- _TASK PROMPT_:
Print only the lines below from the one with "为全面展示项目优势,我们在同" to the one with "인천서구청담요양병원 예약 방법과", both included, exactly as they stand. Leave pictures out.

- _LISTED ENTRIES_:
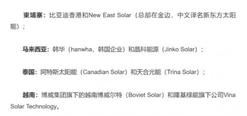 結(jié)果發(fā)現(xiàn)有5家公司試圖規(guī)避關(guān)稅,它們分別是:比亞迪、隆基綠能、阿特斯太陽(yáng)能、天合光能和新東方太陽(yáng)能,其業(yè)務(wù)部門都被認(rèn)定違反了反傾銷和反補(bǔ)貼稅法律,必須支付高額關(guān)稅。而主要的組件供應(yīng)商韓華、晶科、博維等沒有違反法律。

...

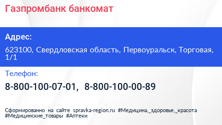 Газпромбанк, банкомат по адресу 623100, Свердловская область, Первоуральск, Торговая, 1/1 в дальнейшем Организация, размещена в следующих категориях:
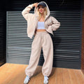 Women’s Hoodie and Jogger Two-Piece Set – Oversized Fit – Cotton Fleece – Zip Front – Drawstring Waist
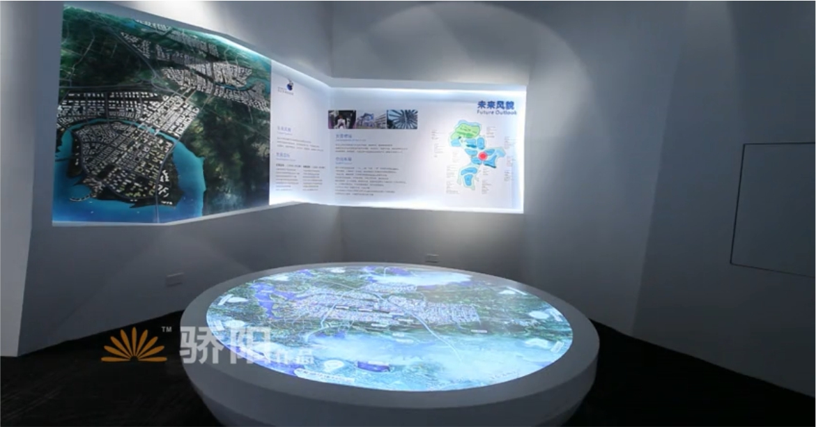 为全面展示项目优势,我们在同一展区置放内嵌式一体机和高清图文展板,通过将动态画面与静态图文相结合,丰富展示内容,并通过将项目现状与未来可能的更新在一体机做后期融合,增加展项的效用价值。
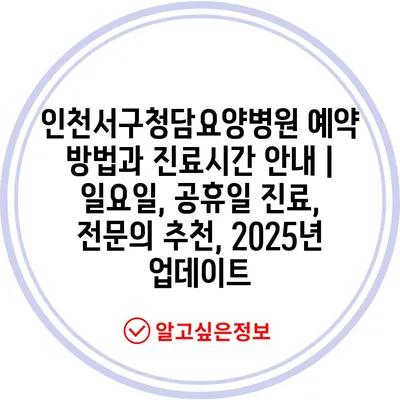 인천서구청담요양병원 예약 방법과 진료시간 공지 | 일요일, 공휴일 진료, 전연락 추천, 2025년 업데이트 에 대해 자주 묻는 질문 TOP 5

- _FINISHED TASK_:
 为全面展示项目优势,我们在同一展区置放内嵌式一体机和高清图文展板,通过将动态画面与静态图文相结合,丰富展示内容,并通过将项目现状与未来可能的更新在一体机做后期融合,增加展项的效用价值。
 인천서구청담요양병원 예약 방법과 진료시간 공지 | 일요일, 공휴일 진료, 전연락 추천, 2025년 업데이트 에 대해 자주 묻는 질문 TOP 5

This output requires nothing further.